Research suggests that, at ages three to four years, children of mothers who used cannabis while pregnant have poorer verbal, memory and reasoning ability; poorer motor skills and shorter length of play; and are more likely to be fearful, impulsive, inattentive, hyperactive and delinquent. These difficulties appear to persist to age 10 years, when they may be accompanied by increased depression and anxiety, along with reading and spelling problems and general underachievement at school. Such deficits may also continue into adolescence and early adulthood, along with an increased risk of initiation to tobacco and cannabis use.
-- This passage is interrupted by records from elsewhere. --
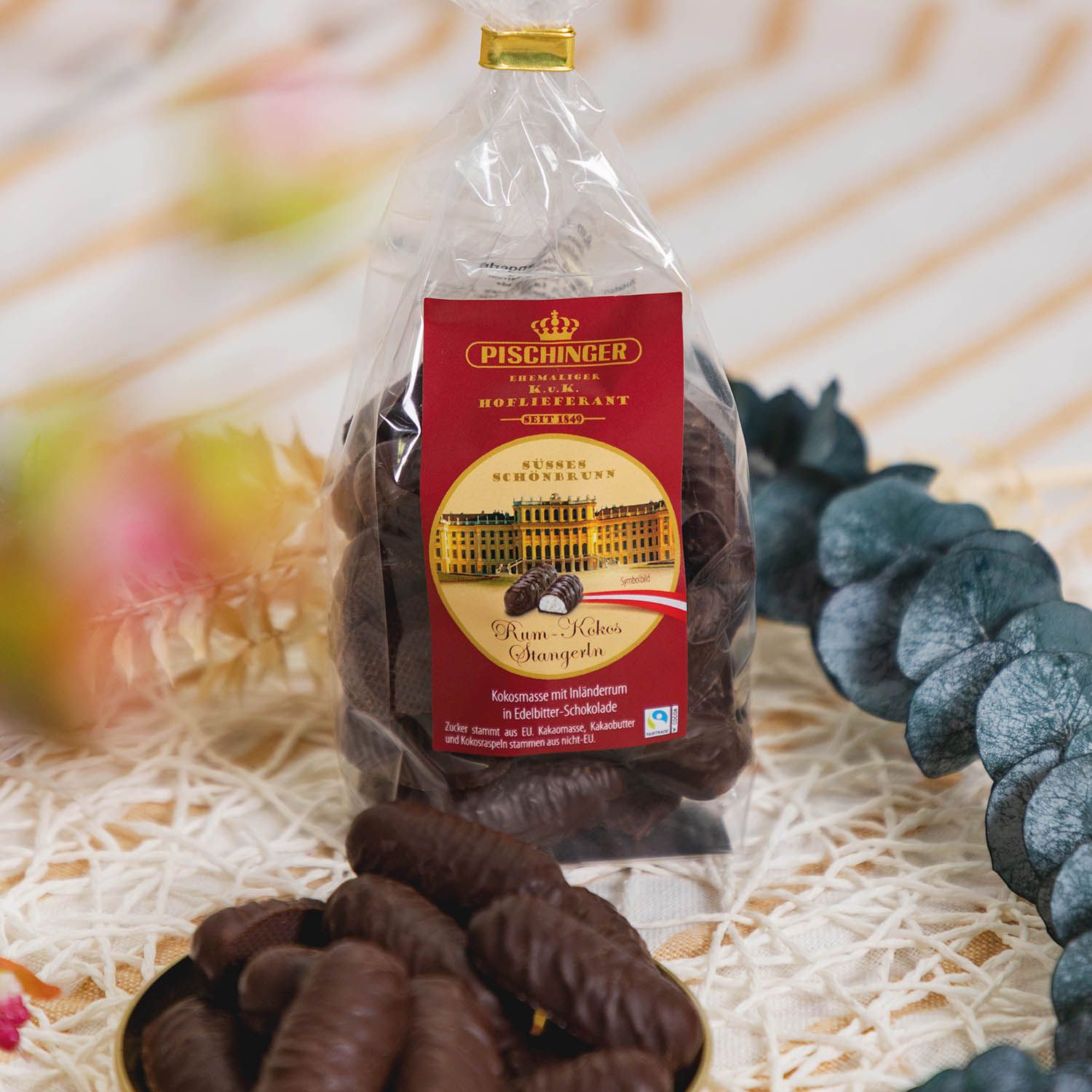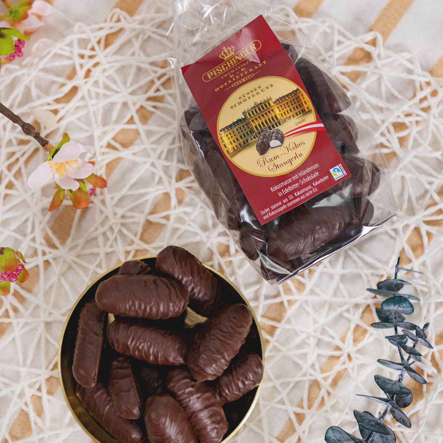Genussmomente mit PISCHINGER, die dich mit Kokos, feinem Inländerrum und Edelbitterschokolade auf eine exotische Reise entführen
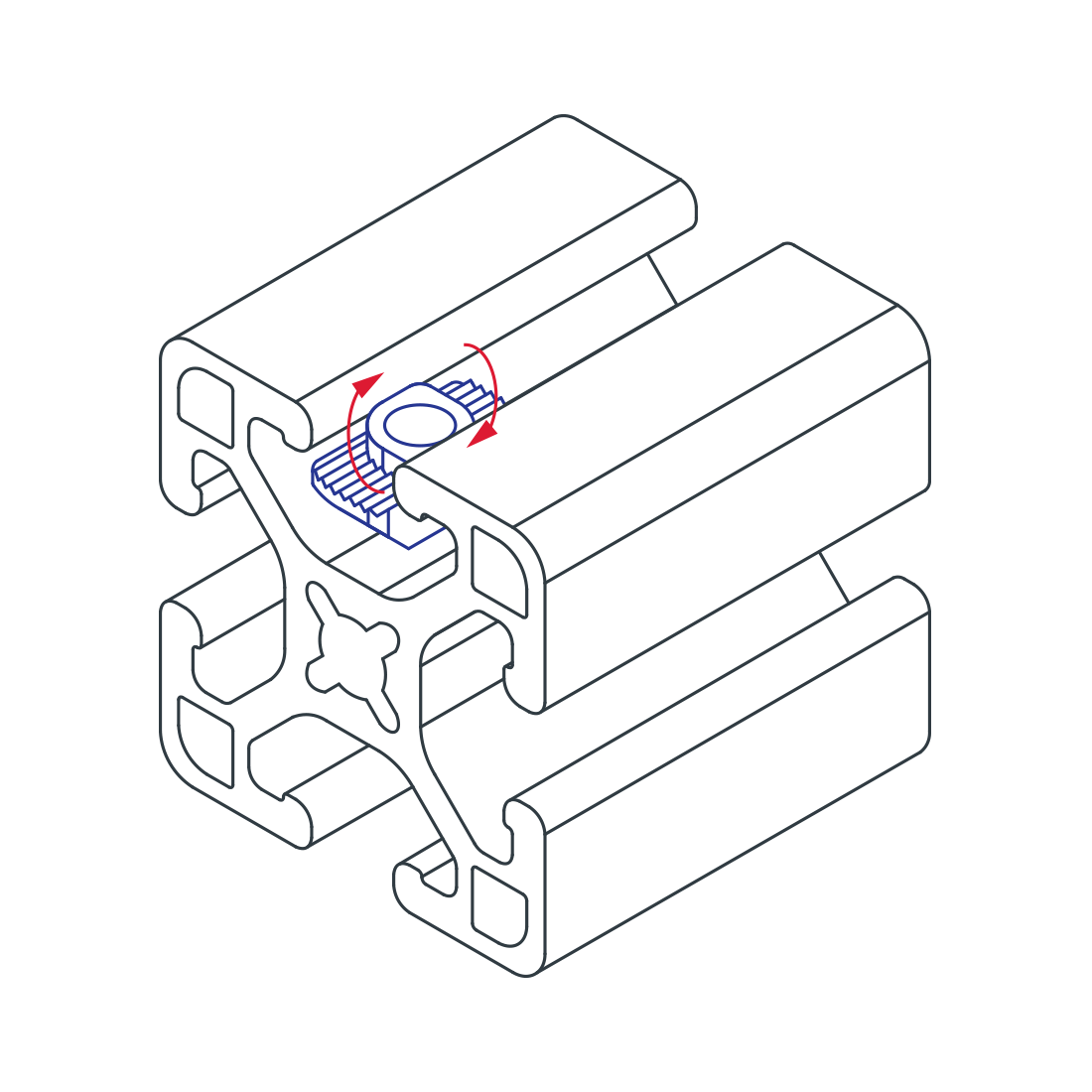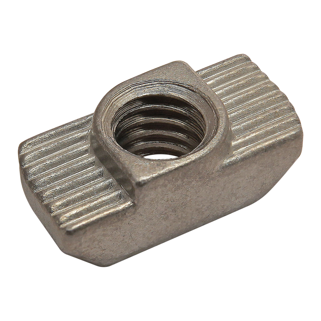 The standard drop-in T-nut is a fastening option that loads either from the profile ends or side, which is helpful for applications where the ends are inaccessible. It has ridges that bite into the profile surface, creating a strong connection. The standard drop-in T-nut is available with options in size, material, thread, and finish.
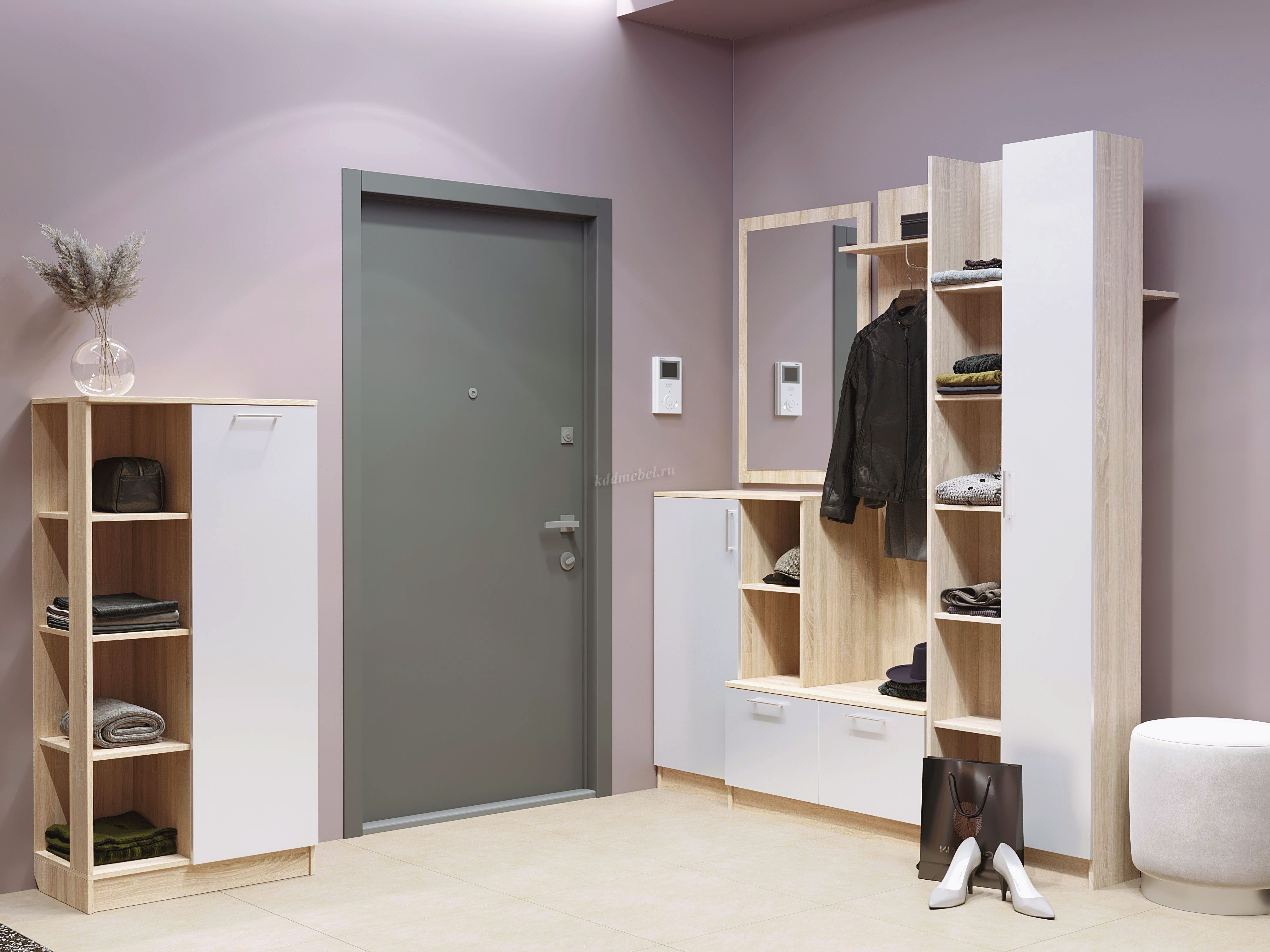 Огромным плюсом является универсальность прихожей, ее можно собрать на правую или левую сторону, что позволяет удобно организовать пространство любого интерьера.
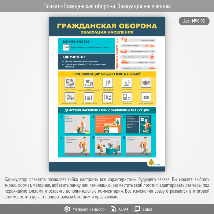 Плакат «Гражданская оборона. Эвакуация населения» (МЧС-02, 1 лист) в Ульяновске купить
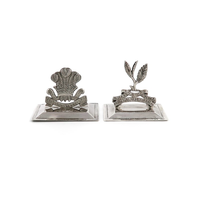 modelled as the regiment badge, on rectangular bases, length 5.4cm, approx. weight 1.7oz. (2)
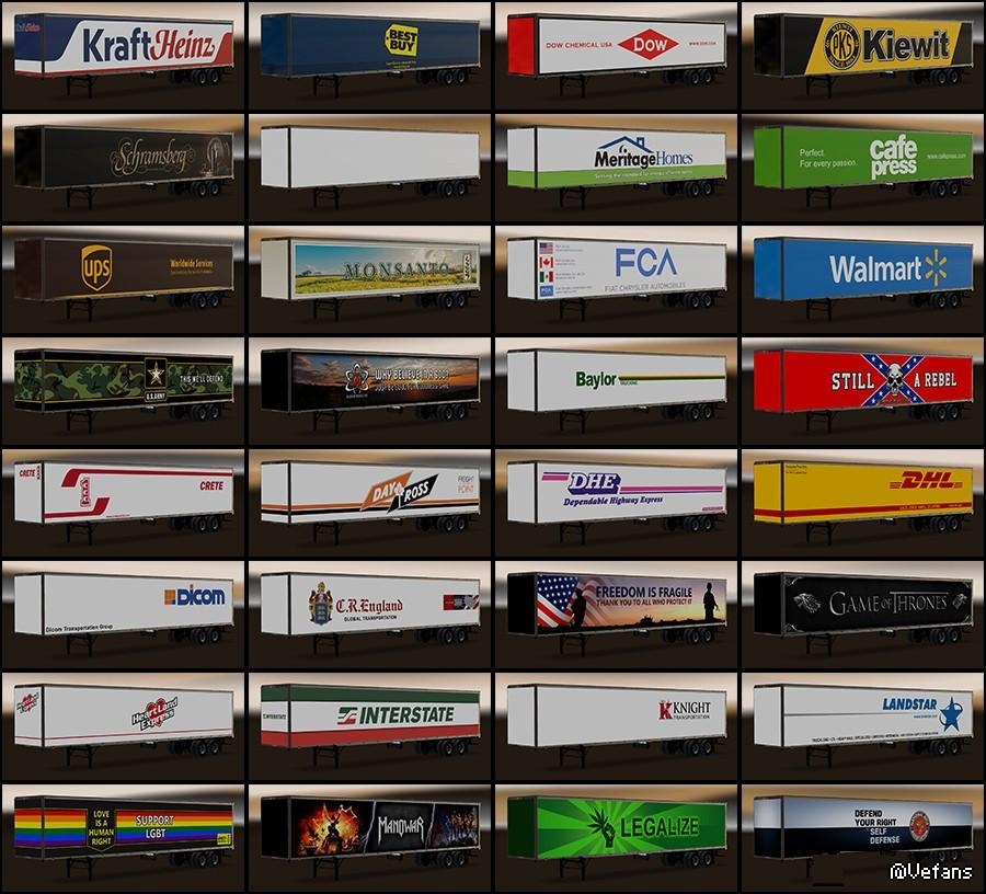– All trailers have a default cargoes and support “Trailer selection” menu (except Bad Dragon trailer, it has a custom cargo);
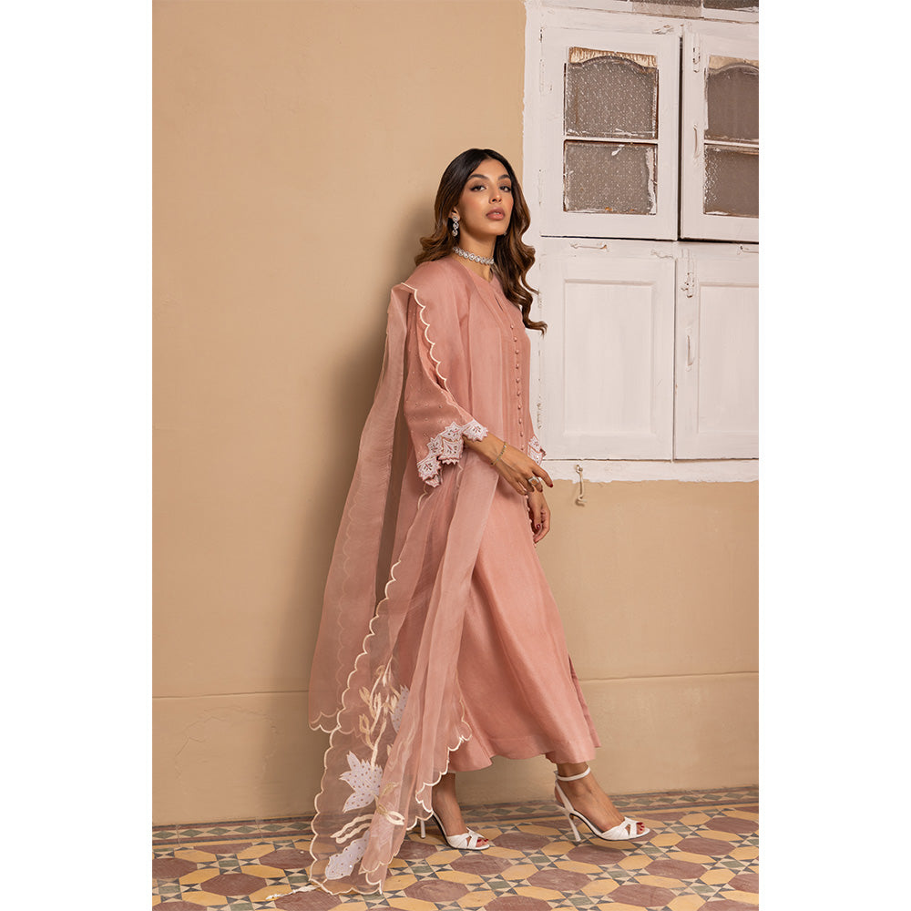 Our Pastel Pink Pure Raw Silk Shirt Is Inspired Front Open Shirt . The Sleeves Are Adorned With Intricate Embroidery And Hand Touching. The Pure Organza Dupatta With Embroidery And Handwork Gives Us The Major Look. Paired With Straight Pants.
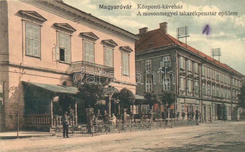 Leírás: Mosomagyaróvár, Magyaróvár; Központi kávéház, Mosonmegyei takarékpénztár épülete (Rb)
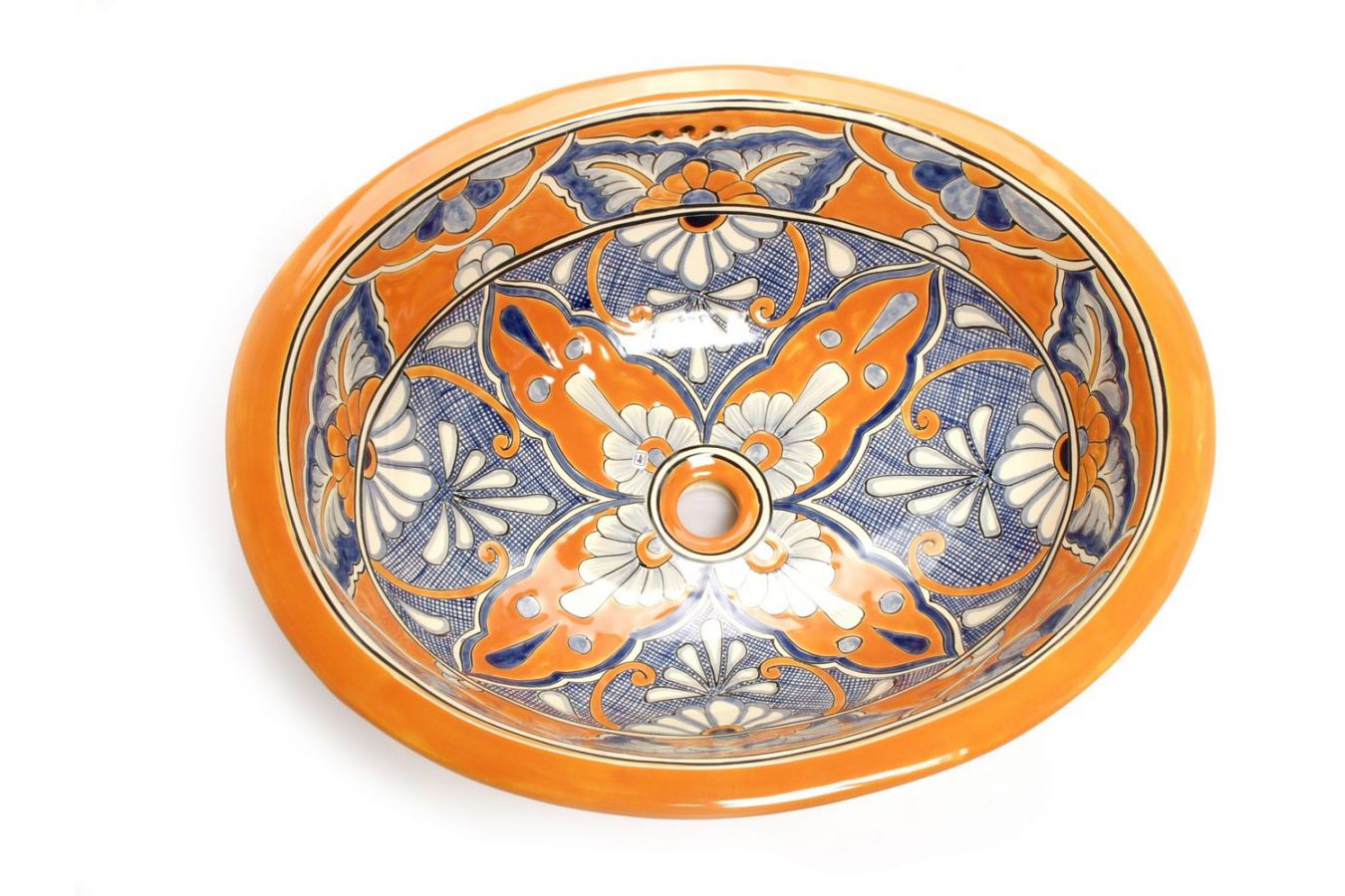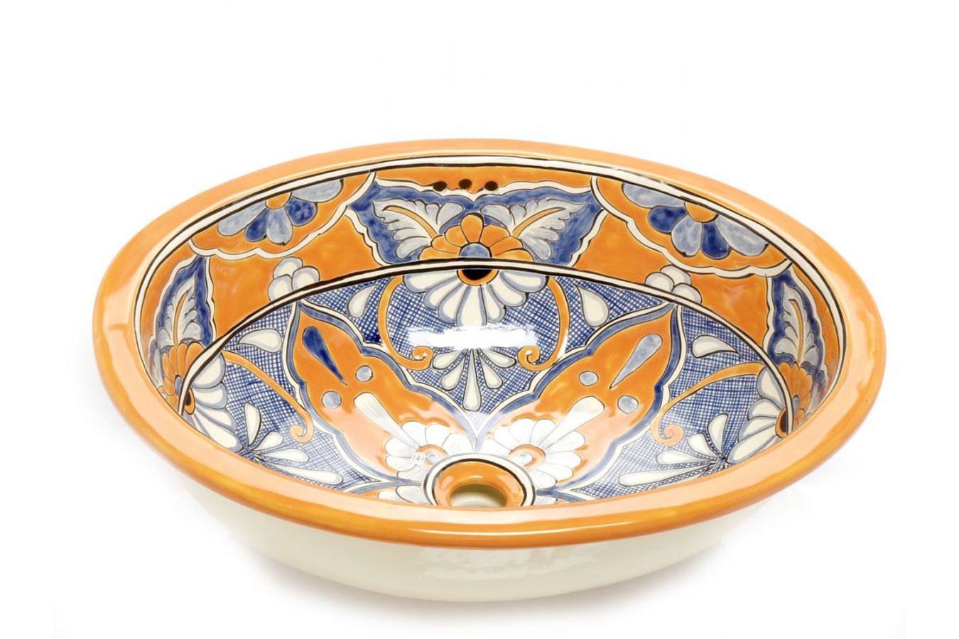 Керамичният умивалник е изработен и изрисуван от мексикански майстори.
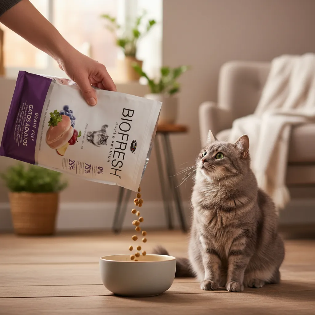 Biofresh Super Premium para Gatitos es un alimento con alta inclusión de carnes frescas y un toque de verduras y frutas, con un 75% de ingredientes de origen animal, totalmente libre de granos, e ideal para felinos. Completo y equilibrado para un correcto desarrollo de gatitos, favoreciendo una musculatura fuerte y magra, óptima formación del sistema nervioso y estimulación de las defensas naturales. Protección temprana de la salud oral e incorporación de moduladores fecales para una formación de heces de olor y volumen reducido. Altamente palatable con croquetas de fácil masticación, ideal para después del destete y para toda su etapa de crecimiento.
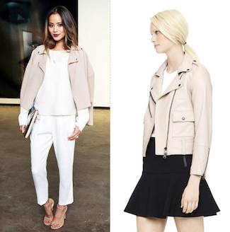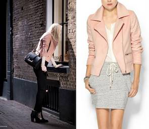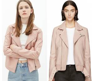 一件合身的粉色系机车夹克,时髦百搭,兼具帅气和柔美。皮质的能够在较凉的季节穿着,如果穿的机会比较多,可以投资一件,能穿上几年的。比较温暖的地方可以考虑比较便宜的雪纺和棉质面料。
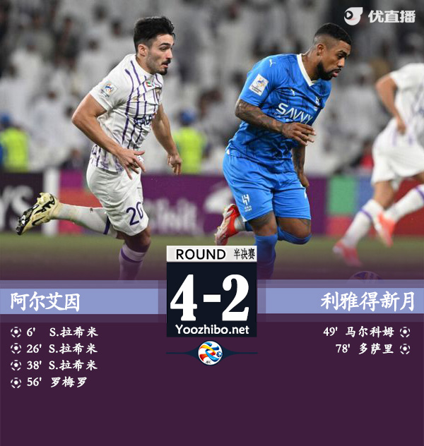 优直播讯:北京时间4月18日亚洲足球冠军联赛 半决赛首回合,艾因主场对阵利雅得新月。上半场刚开始,纳迪尔送出助攻,拉希米前插推射远角破门先拔头筹,哈姆丹禁区转身小角度抽射被挡出,拉希米和埃里克先后制造点球,拉希米操刀点射完成帽子戏法,下半场米林科维奇助攻马尔科姆破门扳回一城,拉希米又一次制造点球,卡库点射命中,尾声阶段达瓦萨里门前轻挑转身完成破门,全场战罢,最终比分艾因 4-2 利雅得新月。

In addition, there exists some evidence that mothers’ cannabis use during pregnancy increases the risk of their children developing childhood cancers, including non-lymphoblastic leukaemia, rhabdomyosarcoma (a rare, highly malignant tumour that can occur anywhere in the body), and astrocytoma (a type of brain tumour).

Preliminary research suggests that fathers’ cannabis use in the year prior to their children’s birth is associated with an increased risk of rhabdomyosarcoma in their children, and that fathers’ cannabis use during conception, pregnancy or postnatally is associated with an increased risk of Sudden Infant Death Syndrome (SIDS) in their infants. Furthermore, some research suggests that children of fathers who experience cannabis dependence at least at some point in their lifetimes are more likely to experience negative outcomes during childhood, such as poor attachment relationships with their caregivers and psychosocial impairments, including depression and conduct problems.

Can cannabis use affect breast-milk?

When a breastfeeding mother uses cannabis, THC passes into the breast-milk and thus into the baby, where it can be stored in the baby’s fatty tissue for several weeks.

Using cannabis while breastfeeding may cause the baby to be unsettled and disrupt feeding cycles. As a result, cannabis use should be avoided when breastfeeding.

Can using cannabis impact on pregnancy care?

Other problems can be experienced by pregnant women using cannabis because they are less likely to disclose their use of cannabis to healthcare workers. The stigma associated with their use, as well as fear, guilt and shame about what they may have exposed their unborn baby to, may prevent these women from giving a full history to their obstetricians or midwives.

This may impact on the quality of care for both the woman and her developing baby, as healthcare workers do not have a complete history.

What help is available?

Women who are pregnant or who are planning to become pregnant as well as their partners, should be advised to stop using cannabis. Continued use should be discussed with a general practitioner, specialist or midwife who can provide help and support to cut down or quit cannabis use or refer patients on to specialist alcohol and other drug services.

Factsheet published August 1, 2008. Updated October 1, 2011.